Prediction of the excitation energies of the 2$^+_1$ states for superheavy nuclei based on the microscopically derived Grodzins relation

TL;DR

This paper predicts the excitation energies of the first 2+ states in superheavy nuclei with Z≥100 using a microscopic Grodzins relation, revealing a sharp increase in energies along the nuclear chain.

Contribution

It introduces a microscopic variant of the Grodzins relation based on the geometrical collective model to predict excitation energies of superheavy nuclei.

Findings

Excitation energies do not exceed 100 keV at the start of the chain.

E(2+_1) sharply increases with mass number A.

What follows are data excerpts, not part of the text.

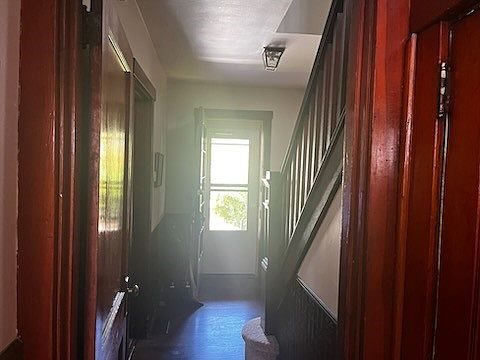 Charming 2-Bedroom, 1-Bath Home with Stunning Original Woodwork. This delightful home features beautiful original woodwork, elegant French doors, and a decorative tile fireplace. The spacious living and dining rooms seamlessly flow into each other, making it perfect for entertaining. The kitchen is fully equipped with a newer gas stove and refrigerator, and it leads to a mudroom that connects to the yard. Enjoy a large front porch that offers relaxing views of the street and a refreshing breeze. The expansive, open basement provides potential for additional living space once finished. Recent updates include the roof, windows, furnace, air conditioning, electrical box and walls and ceilings on first floor have been replastered within the last ten years. This home is ready for a new owner to move in, add personal touches, and create lasting memories.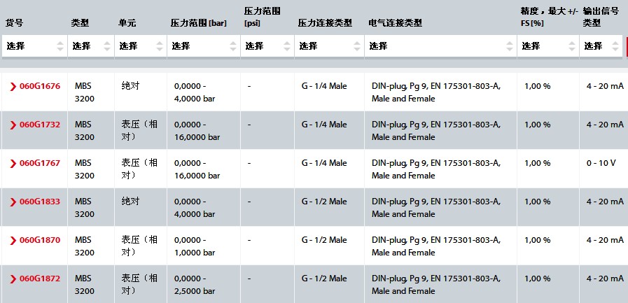 這款靈活的壓力變送器系列包括 4-20 mA、0-5 V、1-5 V、1-6 V 和 0-10V 輸出信號、絕對壓力和表壓(相對壓力)型號、從 0-1 到 0-600 bar 的測量范圍以及規格齊全的壓力和電氣連接。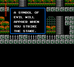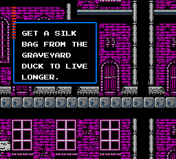 ![]() That dialogue window has two sentences: "Get a silk bag from the graveyard." "Duck to live longer." It is a fact that in Simon's Quest, you get the silk bag from a graveyard. Moreover, it is the town due left from the town that dialogue is from. As for what it means to "duck to live longer", many mysteries in that game are beaten by ducking while holding a crystal. This is the only way to progress at a cliff, for instance. While "duck to make further progress" might be more literal, "living longer" could be considered to be an abstract metaphor for "making progress." We might be justified in having some skepticism in that interpretation, since, if that is indeed intended to be a clue for the ducking mystery, it is very oblique. But EVERY clue in Simon's Quest is oblique at best. The other objection to my interpretation is that there is no punctuation separating the two sentences from each other (though there is a line break). However, it is not as though Simon's Quest is otherwise free of grammatical errors...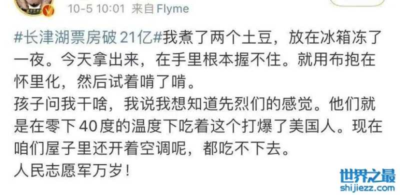 近日,就有一位女孩看完了电影后回家自己制作冻土豆,想体验一下英雄们当时的艰苦条件,没想到根本就咬不动土豆,女孩表示吃了第一口就觉得很心酸,特别想哭,觉得现在的美好生活都是战士们奋斗来的。

Maximum excitation energies reach 400-500 keV in specific nuclei.

Abstract

As the result of synthesis of nuclei with large proton numbers a new region of investigations of the structure of nuclei has been discovered. Due to the recent significant increase in the yield of superheavy nuclei their gamma-spectroscopic studies became possible. The purpose of paper is to predict the excitation energies of the $2^+_1$ states of nuclei with Z$\ge 100$ using the microscopic variant of the Grodzins relation derived based on the geometrical collective model. The excitation energies of the $2^+_1$ states of the even-even nuclei from $^{256}$Fm to $^{296}_{120}$X which differ from each other in the number of $\alpha$-particles are predicted. It is shown that at the beginning of the chain of the studied nuclei the excitation energies of the $2^+_1$ states don't exceed 100 keV. Then $E(2^+_1)$ sharply increases with $A$ and reaches maximum value of $400-500$ keV in $^{284}$Fl or $^{292}$Og.